Challenges in detection

The same reasons that make THz generation difficult, also make them difficult to detect. Indeed, detection can be more challenging, says Xi-Cheng Zhang of the Rensselaer Polytechnic Institute (RPI) in New York, US.

Naturally occurring moisture in the air absorbs broadband THz waves, explains Zhang. This means that detection must be done under dry nitrogen-purged environments or at short distances to avoid loss of signal strength (several centimetres). He continues: ‘In addition, since the electromagnetic transients [radiation] last for only picoseconds in time (10–12s), an optical pulse must be used to sample the field. Aligning the THz radiation and its sampling optical pulse is critical. What’s more, many of the materials used for detection are limited in bandwidth due to their crystal structure.’

Ben Clough of the RPI, working with Zhang, has come up with a patent-pending solution to extend the effective distances over which THz could be detected². His method uses sound waves to ‘listen’ to THz signals from a distance.

Focusing two laser beams into air creates small bursts of plasma, which in turn create THz pulses. Another pair of lasers is aimed near the target to create a second plasma for detecting the THz pulses after they have interacted with the material. This detection plasma produces acoustic waves as it ionises the air.

Clough discovered that by using a sensitive microphone to ‘listen’ to the plasma, he could detect THz wave information embedded in these sound waves. This audio information can then be converted into digital data and instantly checked against a library of known THz fingerprints, to determine the chemical composition of a material.

The RPI team says it has demonstrated remote THz detection at up to 10m and remote generation at up to 30m separately in two individual experiments. They are working towards remote spectroscopy by combining these techniques.

The approach is novel because of the use of acoustic waves to sense radiation lasting only picoseconds, says Zhang. ‘It also allows detection of THz radiation in any direction, unlike other methods that require collection of the signal in the forward propagating direction. It is a relatively cheap detection method, in comparison with optical methods, as it does not require expensive optics and critical alignment. It also does not require direct line of sight to the plasma sensor like all other optical techniques, making transmission of the information through optically opaque barriers feasible.’

The main challenges remaining in developing any commercial detection system are sensitivity, selectivity, simplicity, scalability and stability, according to Zhang.

Applications

Imaging specialist Teraview has been developing THz systems to detect skin, mouth and throat cancers in the field of medical imaging. Such systems could also be used to detect tooth decay at an early stage and monitor early erosion.

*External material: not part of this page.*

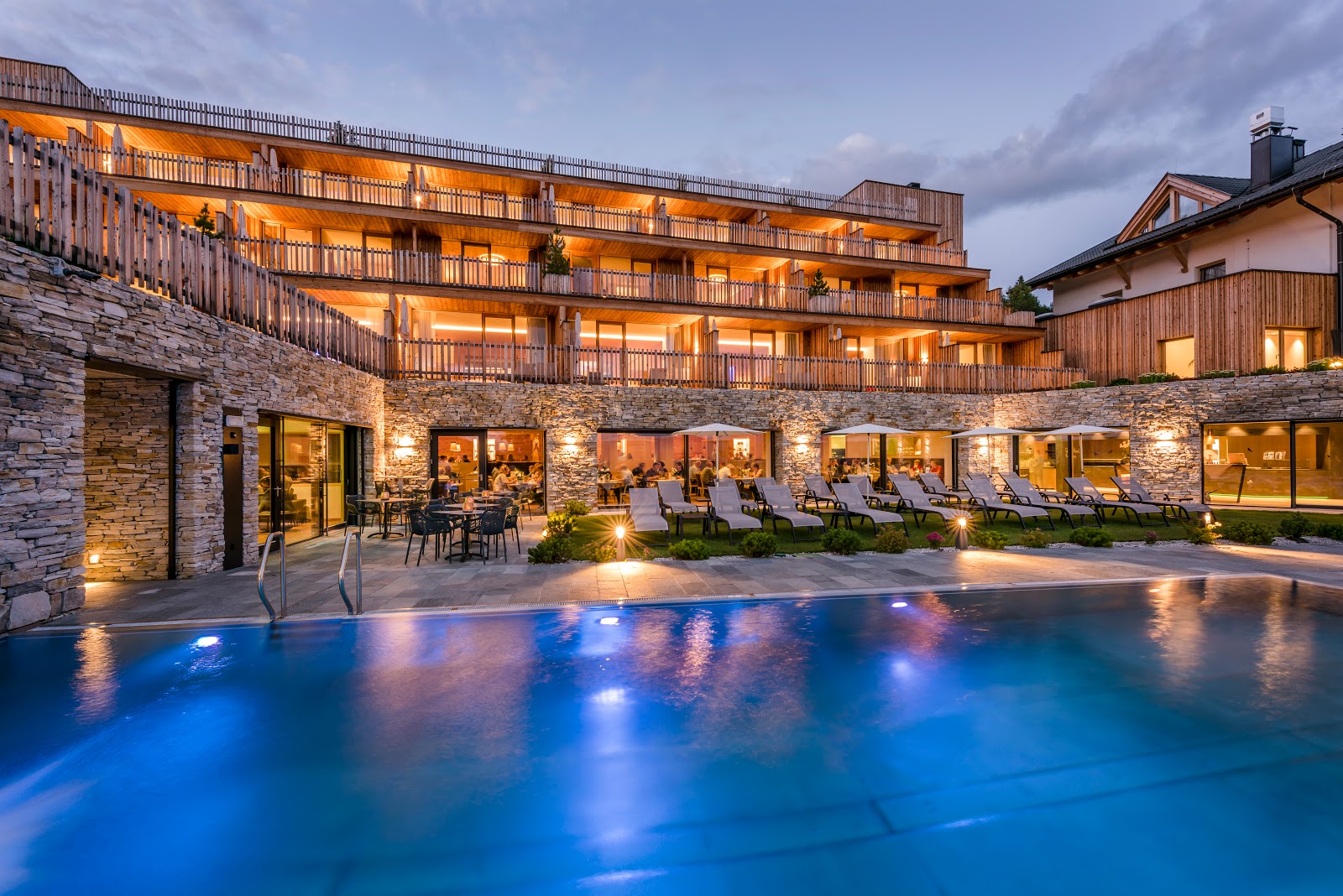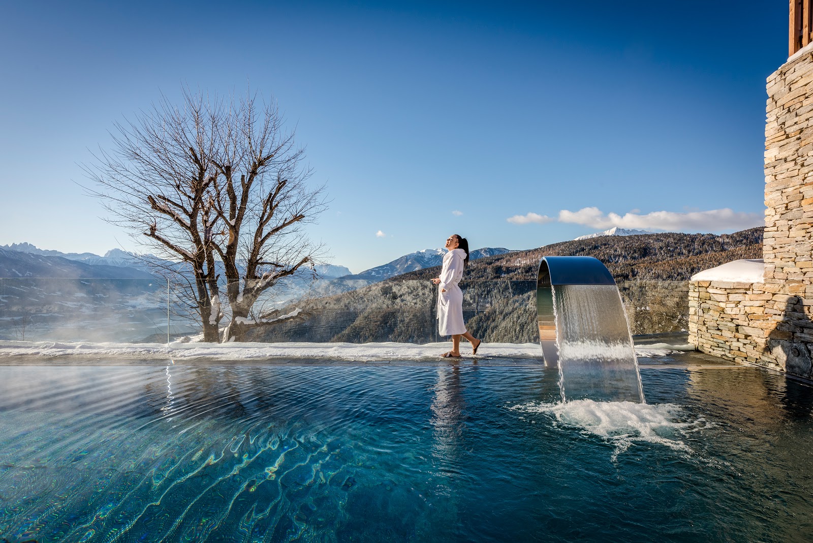 Das Monte Silva Mountain Spa erstreckt sich auf einer Fläche von 4.000 Quadratmetern und befindet sich rund 1.500 Meter über dem Meeresspiegel. Mit herrlichen Ausblicken lässt sich im Außenpool wunderbar entspannen. Zudem stehen hier eine Adults-only-Saunawelt und ein Familien-Saunabereich zur Verfügung. Im hoteleigenen Fitnessbereich bestehen Trainingsangebote mit Fitnesstrainern und Yogatrainern. Damit auch die Gaumenfreunden während eines Aufenthalts im Gourmethotel Tratterhof nicht zu kurz kommen, bietet die Cucina Alpina köstliche Erlebnisse für Liebhaber erstklassiger Kochkunst. La Cantina ist das Panoramarestaurant des Hauses, in welchem unter anderem Produkte regionaler Bauern zu Tiroler Gerichten verarbeitet werden.

The problem with medical applications, says Mueller, is that regulatory authorities require a tremendous level of certainty. ‘Nobody has shown the technology works with a large enough number of patients to generate acceptable accuracy rates’. Also THz radiation can’t penetrate too far into the body, so applications are limited to detecting surface cancers or as probes during surgery.

Meanwhile, security and defence-related applications remain in the R&D stage, Zhang says. Even so, Mueller is unconvinced whether this area will ever prove viable. ‘To have a THz system that truly works in the real world, that is able to interact with different materials and scenarios, is very challenging.’

However, Mueller believes that there are potential applications yet to be developed. ‘Getting the first volume application will change the environment significantly. Most likely, this breakthrough will be in non-destructive testing, where imaging techniques can look at manufacturing problems in products before they are shipped,’ he predicts. THz can be sent through materials in pulses, making it possible to detect foreign bodies or flaws.

Zhang also agrees that, in the short-term, the most commercially successful application will be industrial non-destructive testing (NDT). ‘[We have had] more than 80% requests from industrial companies interested in NDT applications, including defects detection, and also for pharmaceutical purposes, such as monitoring drug concentrations.’